TASK TO CARRY OUT —
With the exception of the pictures, write out the data below precisely.

INFORMATION PROVIDED —

====

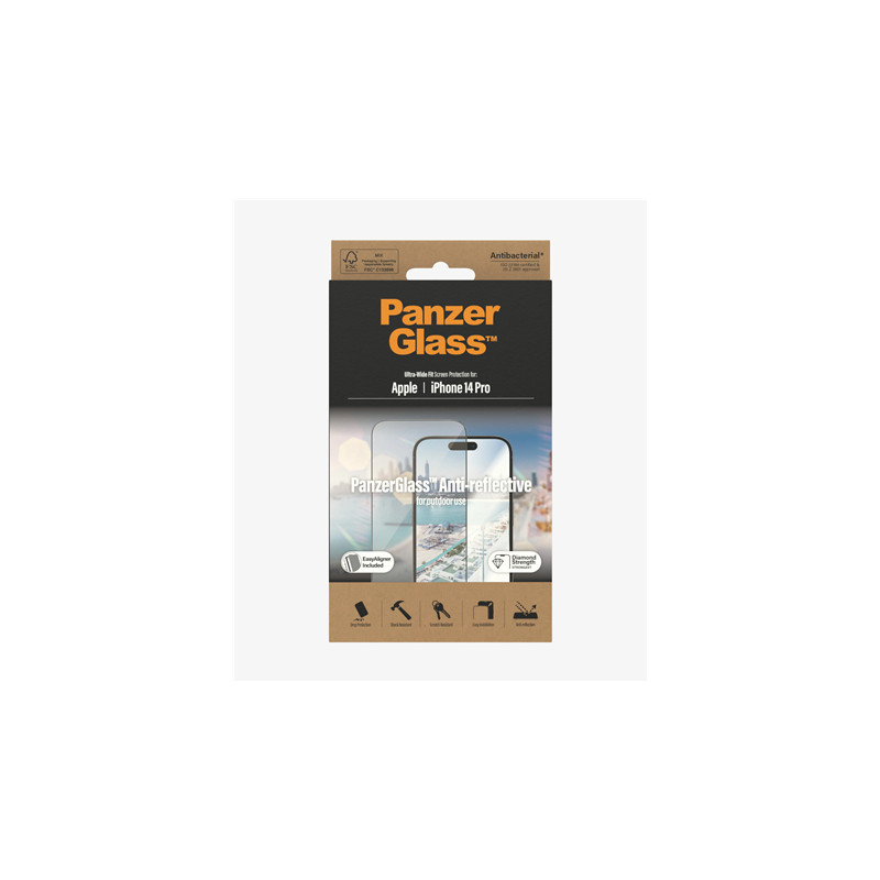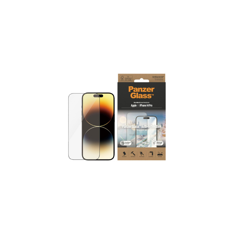 PanzerGlass | Screen protector | Apple | iPhone 14 Pro | Glass | Clear | Ultra-Wide Fit; Easy installation; Privacy Filter; Fingerprint resistant | Anti-Reflective
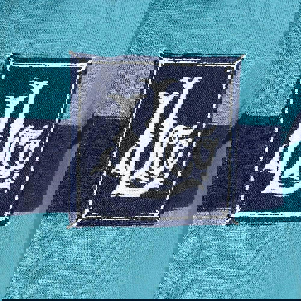 Lazy Jacks boys striped rugby shirt in teal, made from 100% cotton with a pre-washed, soft-touch finish. The design combines stripes with a logo and a classic turn down collar for a traditional rugby look. Long sleeves and fitted cuffs keep the shape neat, while the button fastening completes the front.
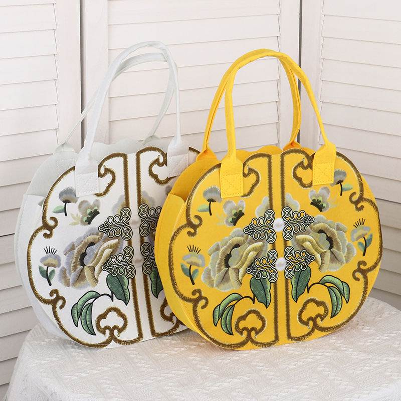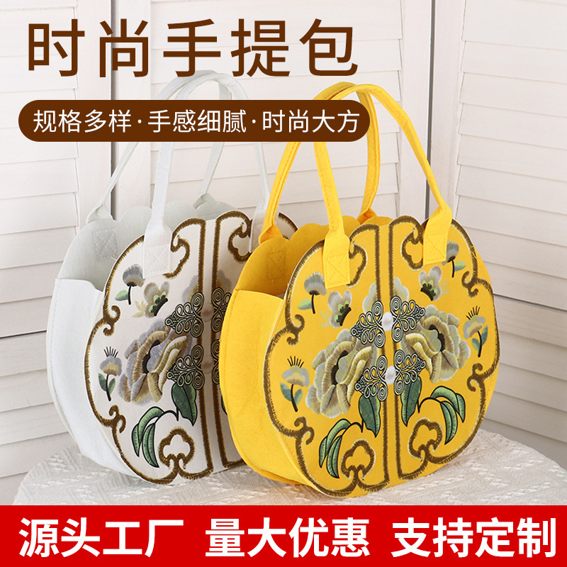 新款高颜值国风手提毛毡包学生大容量购物袋爆款新品伴手 礼手拎

====

THE COMPLETED TASK —
 PanzerGlass | Screen protector | Apple | iPhone 14 Pro | Glass | Clear | Ultra-Wide Fit; Easy installation; Privacy Filter; Fingerprint resistant | Anti-Reflective
 Lazy Jacks boys striped rugby shirt in teal, made from 100% cotton with a pre-washed, soft-touch finish. The design combines stripes with a logo and a classic turn down collar for a traditional rugby look. Long sleeves and fitted cuffs keep the shape neat, while the button fastening completes the front.
 新款高颜值国风手提毛毡包学生大容量购物袋爆款新品伴手 礼手拎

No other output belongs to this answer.